EXERCISE DESCRIPTION. Here are the records. Write out exactly the lines between the one holding "There are times" and the one holding "This elegant Necklace", inclusive.

DATA SECTION.
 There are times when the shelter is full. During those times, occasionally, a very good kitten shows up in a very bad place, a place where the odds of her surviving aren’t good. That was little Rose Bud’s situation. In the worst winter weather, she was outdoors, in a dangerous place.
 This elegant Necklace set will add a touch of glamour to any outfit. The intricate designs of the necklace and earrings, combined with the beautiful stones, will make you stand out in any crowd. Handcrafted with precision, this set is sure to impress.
--
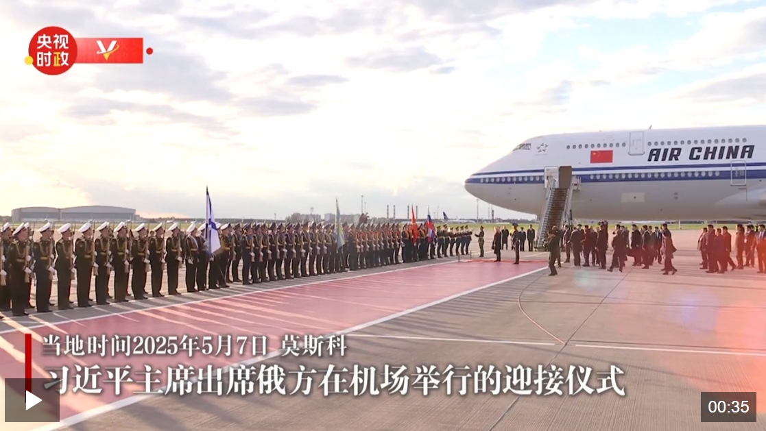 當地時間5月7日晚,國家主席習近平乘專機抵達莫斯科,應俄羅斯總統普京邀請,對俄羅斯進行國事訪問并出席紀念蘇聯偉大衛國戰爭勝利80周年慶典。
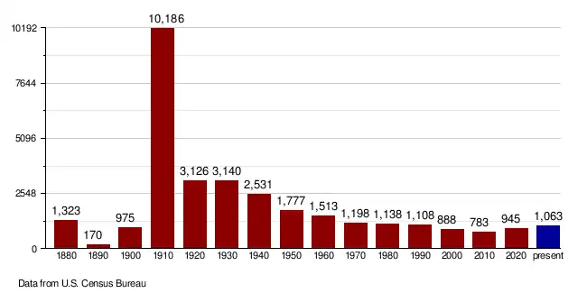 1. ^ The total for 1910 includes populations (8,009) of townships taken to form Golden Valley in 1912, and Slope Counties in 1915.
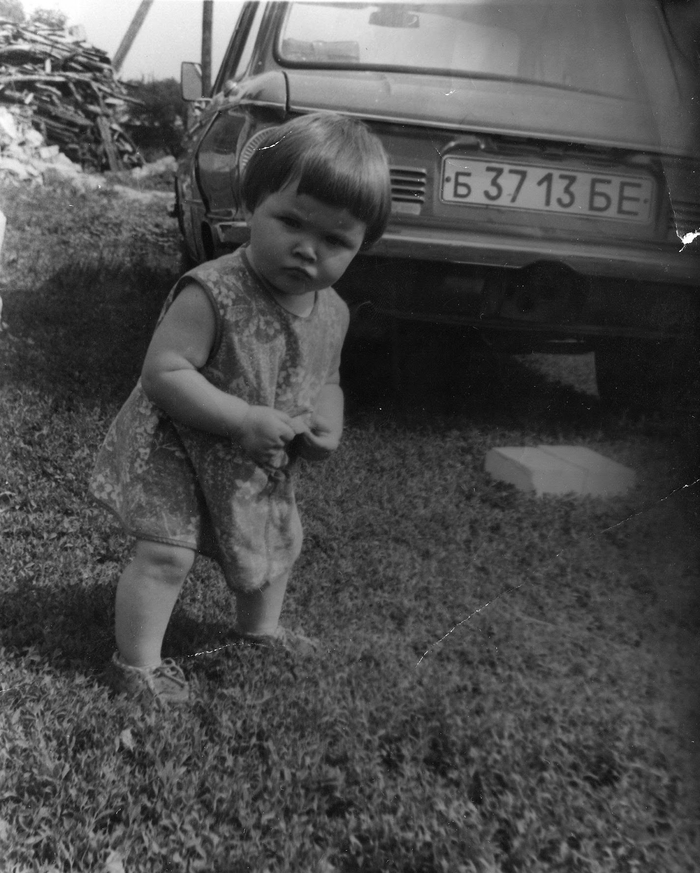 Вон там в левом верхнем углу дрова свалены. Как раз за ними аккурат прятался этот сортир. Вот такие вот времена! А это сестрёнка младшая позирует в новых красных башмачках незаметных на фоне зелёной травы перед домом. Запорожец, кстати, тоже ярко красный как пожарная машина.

WRITTEN SOLUTION.
 There are times when the shelter is full. During those times, occasionally, a very good kitten shows up in a very bad place, a place where the odds of her surviving aren’t good. That was little Rose Bud’s situation. In the worst winter weather, she was outdoors, in a dangerous place.
 This elegant Necklace set will add a touch of glamour to any outfit. The intricate designs of the necklace and earrings, combined with the beautiful stones, will make you stand out in any crowd. Handcrafted with precision, this set is sure to impress.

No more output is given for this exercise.